A twenty-channel radio frequency coil for improved magnetic resonance imaging of the optic nerve

The purpose of this thesis was to design and construct a radio frequency (RF) coil array for imaging the optic nerve on a 3 Tesla magnetic resonance imaging (MRI) scanner. The goal of the work was to increase signal-to-noise ratio (SNR) from the eye orbits to the optic chiasm, compared to the SNR of a clinical 12-channel coil design used at our institution for imaging the optic nerve. The coil utilized a mask fiberglass former that allowed a good fit to many different head sizes. The new coil design used 20 channels arranged in a RF coil array, with coils positioned for optimal signal sensitivity along the length of the optic nerve. The 20-channel and commercially available coils were compared with one another based on the achievable SNR along the optic nerve pathway and on their parallel imaging capability.
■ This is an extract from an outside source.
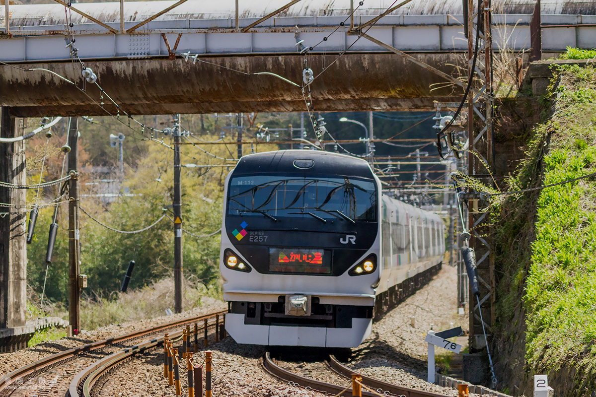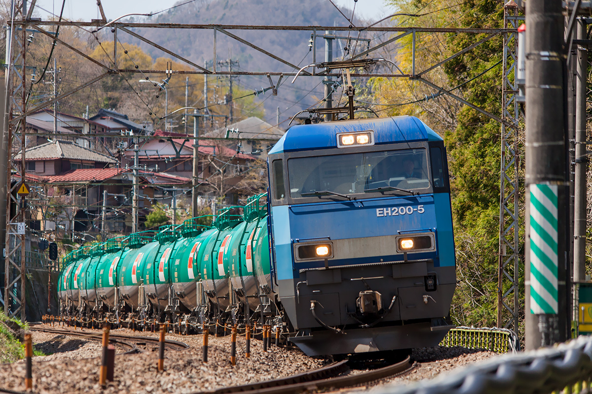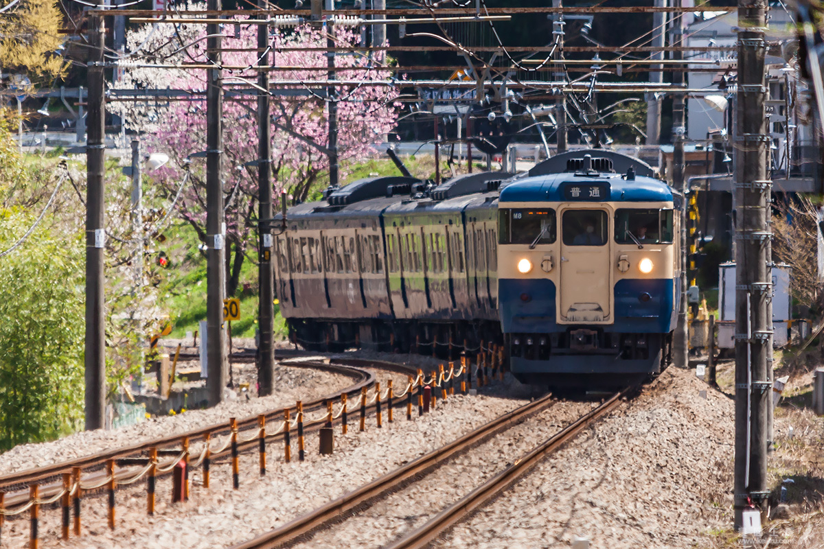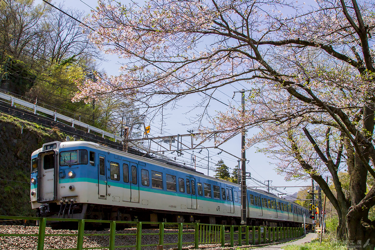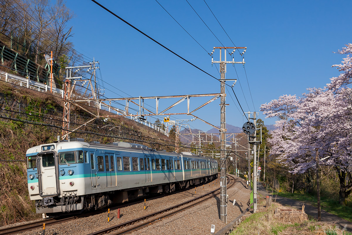 岩殿山からパノラマ撮影していたときに、遠望した中央本線沿いに満開の桜並木を見つけ、翌年訪れてみたのがここ、第五甲州街道踏切である。

The Optic Nerve Coil provided 35% greater SNR at the optic chiasm and ∼300% near the orbit compared with the 12-channel commercial coil. The improved signal-to-noise ratio allowed for higher resolution diffusion tensor imaging, and the increased number of channels and their associated positions allowed for improved parallel imaging capability relative to the current 12-channel commercial coil. Patient images showed plaques in the images that correlated well with patient histories of bilateral and unilateral optic nerve disease. The new 20-channel coil has increased the diagnostic power of MRI for optic neuritis imaging.